Zitat des Tages:

tagesschau. de: Andere Stimmen sagen: Wir haben die Stabilitätskriterien eingehalten durch eine zurückhaltende Lohnpolitik und gut gewirtschaftet, und jetzt sollen wir für die einspringen, die das nicht getan haben. Ist das nicht ein berechtigter Einwand?

Flassbeck: Das ist vollkommen falsch. Man hat eine Währungsunion gemacht mit einem Inflationsziel von zwei Prozent. Das ist eine implizite Verpflichtung, die Löhne ungefähr zwei Prozent über der Produktivität zu halten. Deutschland ist massiv darunter geblieben und hat damit sozusagen eine Deflationspolitik betrieben, ohne es den anderen zu sagen. So wurde Deutschland fast zum alleinigen Gewinner, während fast alle anderen darunter leiden. Das hat nichts mit Sparen zu tun: Das war und ist ein klarer Verstoß gegen den Geist der Währungsunion.
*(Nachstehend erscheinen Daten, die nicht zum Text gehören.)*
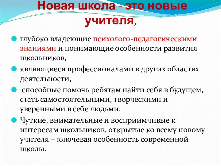 Чуткие, внимательные и восприимчивые к интересам школьников, открытые ко всему новому учителя – ключевая особенность современной школы.
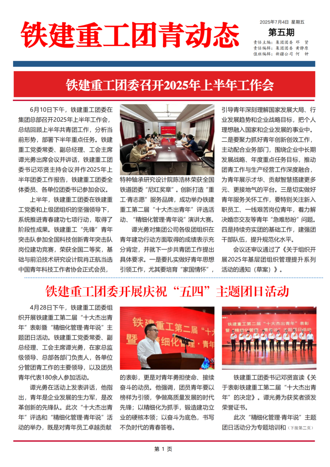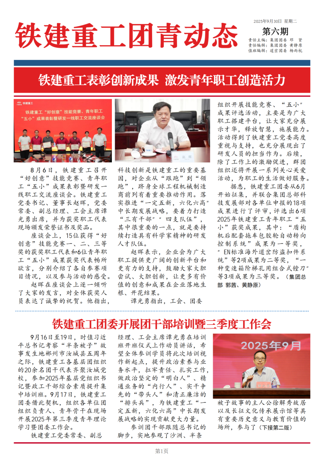 创办铁建重工共青团内刊《铁建重工团青动态》

Heiner Flassbeck war freilich nicht so gefragt im Zeitgeist. Hans-Wener Sinn, der noch immer von journalistischen Hasardeuren zitiert wird, wurde zur Ikone des Neoliberalismus und seiner Medien. Seit 30 Jahren wird gebetet, Konsum sei schädlich, niedrige Löhne gut und die jährliche Exportweltmeisterschaft pure Glückseligkeit. Die Rezepte dementsprechend. Werden wir doch einfach alle Exportweltmeister! Daß die “Stabilitätskriterien” eine maximal 3-prozentige Inflation vorschrieben, wurde uns ebenfalls eingebläut. Daß es auch einer minimalen Inflation bedarf, kann ja nicht angehen in einer Zinswirtschaft?

Kein Wort war es den gefragten “Experten” wert, wie volkswirtschaftlich – und zwar global – vernünftige Politik gestaltet werden könnte. Im Gegenteil wurde das Wohl und Wehe der Menschen dem “Standortwettbewerb” überantwortet, was nichts anderes heißt, als den manischen Egoismus eines einäugigen Betriebswirtschaftsdenkens der politischen Ökonomie überzustülpen. Werden in der kruden Konkurrenz der Betriebe und Konzerne die Verlierer vom Markt radiert oder ausgeweidet, ist das unschön, aber in Grenzen praktikabel. Dieses Prinzip aber als alternativloses den Staatswirtschaften zu verschreiben, ist ökonomischer Völkermord.

Es sollte keine Volkswirtschaft existieren dürfen, die sich nicht den Regeln der profitorientierten freien Märkte unterwarf. Alternativen wurden mit aller Macht unterdrückt. Selbst die sprachlichen Mittel der Kritiker und Zweifler unterliegen der Diktatur des Neoliberalismus. Staaten, die “Hilfe” benötigen, weil sie der Konkurrenz nicht standhalten, wurden und werden durch IWF, Weltbank und andere Institutionen der heiligen Einfältigkeit auf Kurs gezwungen. Gesetze werden angepaßt, Lohnabhängige global entmündigt und unterjocht, um private “Investoren” mit multiplen Erwerbsorgasmen zu befriedigen.

Trifft es Afrika, ist das Hunger as usual. Ist es Dubai, haben die Scheichs es nicht anders verdient. Springt Griechenland über die Klinge, sind es die faulen Korruptis selber schuld. Und morgen die ganze Welt. Deutschland wird derweil von Sozialschmarotzern bedroht, die sich jeder Eigenverantwortung entziehen.
Daß Volkswirtschaft die Völker betrifft, deren Menschen so viel Einfluß auf diesen Irrsinn haben wie zum Stumpfsinn verzogene Kinder, ist bestenfalls ein Thema in Ethikseminaren, die der Effizienz des Studiums zum Opfer fallen und freiwillig nachgeholt werden dürfen.

Politik und Boulevard nutzen die Gunst der fröhlichen Stunde und tun, was sie am besten können: Das ihnen anvertraute Vieh auf anderes zu hetzen. Die “Pleite-Griechen” wollen unser Geld und legen ihre faulen Kadaver in die Sonne oder streiken. Streiken!
Es ist nicht so, daß ich mich hier in Rage rede. Vielmehr finde ich nicht die Worte, die meiner Rage auch nur annähernd Ausdruck verleihen. Ich breche das an dieser Stelle ab.